GPC has been shown to be involved in the development of various diseases, including cancer, neurodegenerative diseases, and cardiovascular diseases. For example, GPC has been shown to be involved in the development of neurodegenerative diseases, including Alzheimer's disease and Parkinson's disease. GPC has also been shown to be involved in the development of cardiovascular diseases, including heart failure and hypertension.
In addition to its potential role in the development of neurodegenerative and cardiovascular diseases, GPC is also a potential drug target or biomarker for a variety of other diseases. For example, GPC has been shown to be involved in the regulation of cancer cell growth and has been shown to play a role in the development of certain types of cancer. GPC has also been shown to be involved in the regulation of inflammation, and has been shown to play a role in the development of certain types of inflammatory diseases.
GPC is a protein that is involved in a wide range of cellular processes in the body. Its role in these processes is essential for the regulation of various cellular processes, including cell signaling pathways, DNA replication, and chromatin structure. As a result, GPC is a potential drug target or biomarker for a variety of diseases and should be further studied in order to understand its role in these processes and its potential as a therapeutic agent.
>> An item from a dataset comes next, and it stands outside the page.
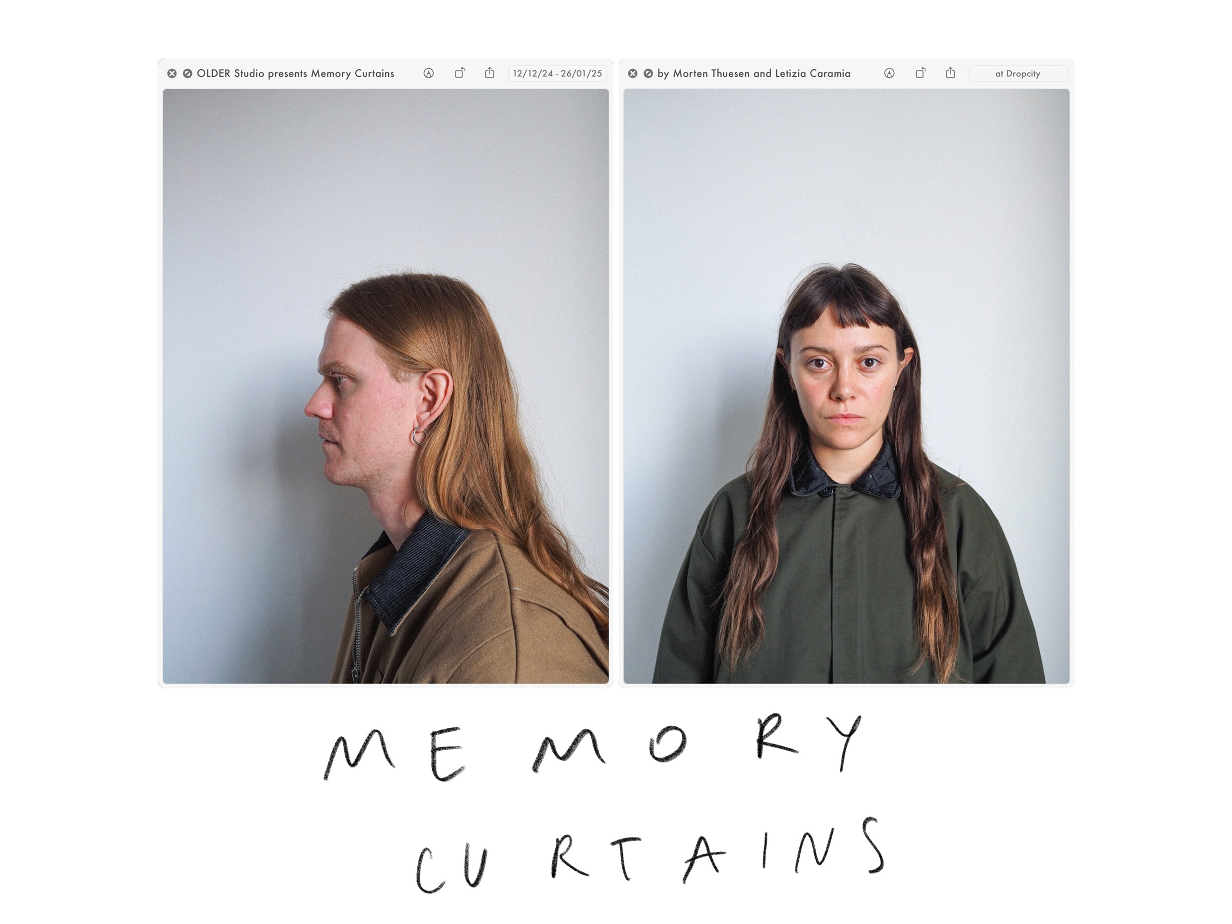“The title Memory Curtains has been a thread in our work for over a decade, evolving quietly until it felt ready to surface. It began as a collaborative photo project and took on new life when we were asked to contribute on a project for which we screen printed an artwork featuring Morten’s motif onto various fabrics. We found ourselves captivated by the raw screens—the essence of the process itself—more than the finished prints. This exhibition marks a shift for us—it’s the first time we’re presenting under our own names, with OLDER as the platform rather than the presenter. This project is deeply personal, born from passion rather than market demand, and reflects who we’ve become through OLDER. It’s a culmination of years of experimentation and a step toward something that feels entirely our own” state Thuesen and Caramia. The exhibition is set at Dropcity, a venue dedicated to exploring, imagining, and testing alternative approaches to design and architecture in the context of systemic global crises; it fosters the emergence of boundary pushing ideas and supports their material realization. Running parallel to the exhibition is a public screen-printing workshop, part of Dropcity’s program, led by acclaimed screen printer Andrea Baldelli. Throughout the exhibition, Baldelli will screenprint a series of motifs by Thuesen and Caramia onto archive rugs and blankets supplied by renowned rug maker cc-tapis.

Protein Name: Laccase Domain Containing 1
Functions: Purine nucleoside enzyme that catalyzes the phosphorolysis of adenosine, guanosine and inosine nucleosides, yielding D-ribose 1-phosphate and the respective free bases, adenine, guanine and hypoxanthine (PubMed:31978345). Also catalyzes the phosphorolysis of S-methyl-5'-thioadenosine into adenine and S-methyl-5-thio-alpha-D-ribose 1-phosphate (PubMed:31978345). Also has adenosine deaminase activity (PubMed:31978345). Acts as a regulator of innate immunity in macrophages by modulating the purine nucleotide metabolism, thereby regulating the metabolic function and bioenergetic state of macrophages (PubMed:31978345). Enables a purine nucleotide cycle between adenosine and inosine monophosphate and adenylosuccinate that prevents cytoplasmic acidification and balances the cytoplasmic-mitochondrial redox interface (PubMed:31978345). The purine nucleotide cycle consumes aspartate and releases fumarate in a manner involving fatty acid oxidation and ATP-citrate lyase activity (PubMed:31978345). Participates in pattern recognition receptor (PRR)-induced cytokines in macrophages: associates with the NOD2-signaling complex and promotes optimal NOD2-induced signaling, cytokine secretion and bacterial clearance (PubMed:28593945, PubMed:31875558). Localizes to the endoplasmic reticulum upon PRR stimulation of macrophages and associates with endoplasmic reticulum-stress sensors, promoting the endoplasmic reticulum unfolded protein response (UPR) (PubMed:31875558). Does not show laccase activity (PubMed:27959965, PubMed:31978345)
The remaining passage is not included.